(Data under study)

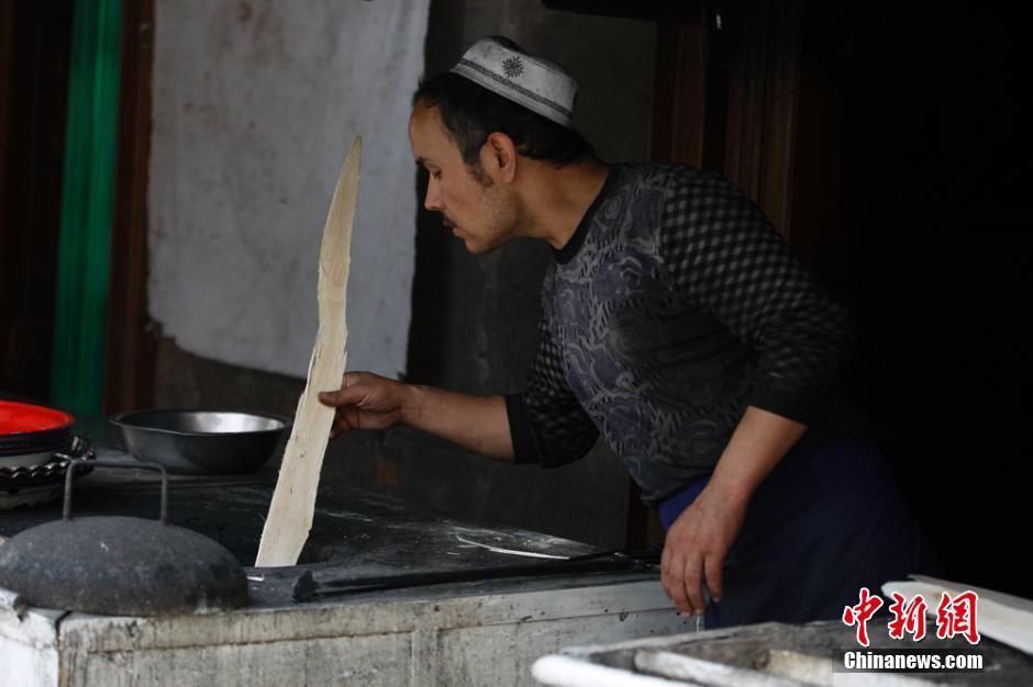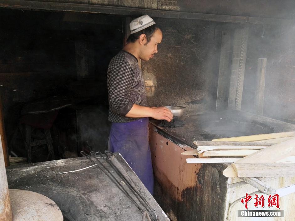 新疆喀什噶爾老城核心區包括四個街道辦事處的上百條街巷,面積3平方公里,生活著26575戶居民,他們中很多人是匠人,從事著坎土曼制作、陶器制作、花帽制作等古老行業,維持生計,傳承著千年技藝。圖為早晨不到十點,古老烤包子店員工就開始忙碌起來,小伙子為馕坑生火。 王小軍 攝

(End Data under study)
(Data under study)

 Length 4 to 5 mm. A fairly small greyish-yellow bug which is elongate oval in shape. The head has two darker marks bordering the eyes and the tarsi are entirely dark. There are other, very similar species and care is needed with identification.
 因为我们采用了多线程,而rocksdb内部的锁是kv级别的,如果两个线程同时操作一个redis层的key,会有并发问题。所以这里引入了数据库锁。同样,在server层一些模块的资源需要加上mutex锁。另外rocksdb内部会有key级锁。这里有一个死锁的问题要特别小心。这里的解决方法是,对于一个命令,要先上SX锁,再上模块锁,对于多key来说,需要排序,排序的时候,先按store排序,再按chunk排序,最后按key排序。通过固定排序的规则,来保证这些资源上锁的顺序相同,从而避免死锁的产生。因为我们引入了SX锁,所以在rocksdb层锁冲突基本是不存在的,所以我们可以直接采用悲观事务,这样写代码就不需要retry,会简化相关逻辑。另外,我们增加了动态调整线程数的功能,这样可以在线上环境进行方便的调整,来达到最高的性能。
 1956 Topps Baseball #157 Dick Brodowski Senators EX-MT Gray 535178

(End Data under study)
(Data under study)

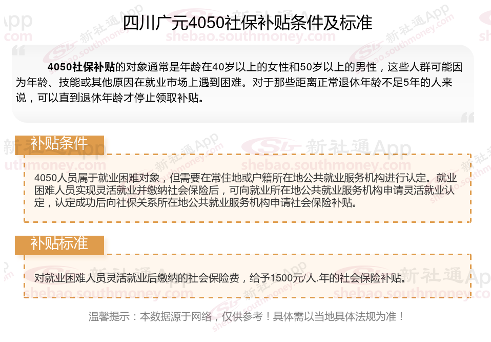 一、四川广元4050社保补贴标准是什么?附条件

(End Data under study)

_Work task_
Extract from the records above the lines from the one containing "Length 4 to" to the one containing "1956 Topps Baseball", both lines included, exactly as they appear and with nothing else.

_Response to the task_
 Length 4 to 5 mm. A fairly small greyish-yellow bug which is elongate oval in shape. The head has two darker marks bordering the eyes and the tarsi are entirely dark. There are other, very similar species and care is needed with identification.
 因为我们采用了多线程,而rocksdb内部的锁是kv级别的,如果两个线程同时操作一个redis层的key,会有并发问题。所以这里引入了数据库锁。同样,在server层一些模块的资源需要加上mutex锁。另外rocksdb内部会有key级锁。这里有一个死锁的问题要特别小心。这里的解决方法是,对于一个命令,要先上SX锁,再上模块锁,对于多key来说,需要排序,排序的时候,先按store排序,再按chunk排序,最后按key排序。通过固定排序的规则,来保证这些资源上锁的顺序相同,从而避免死锁的产生。因为我们引入了SX锁,所以在rocksdb层锁冲突基本是不存在的,所以我们可以直接采用悲观事务,这样写代码就不需要retry,会简化相关逻辑。另外,我们增加了动态调整线程数的功能,这样可以在线上环境进行方便的调整,来达到最高的性能。
 1956 Topps Baseball #157 Dick Brodowski Senators EX-MT Gray 535178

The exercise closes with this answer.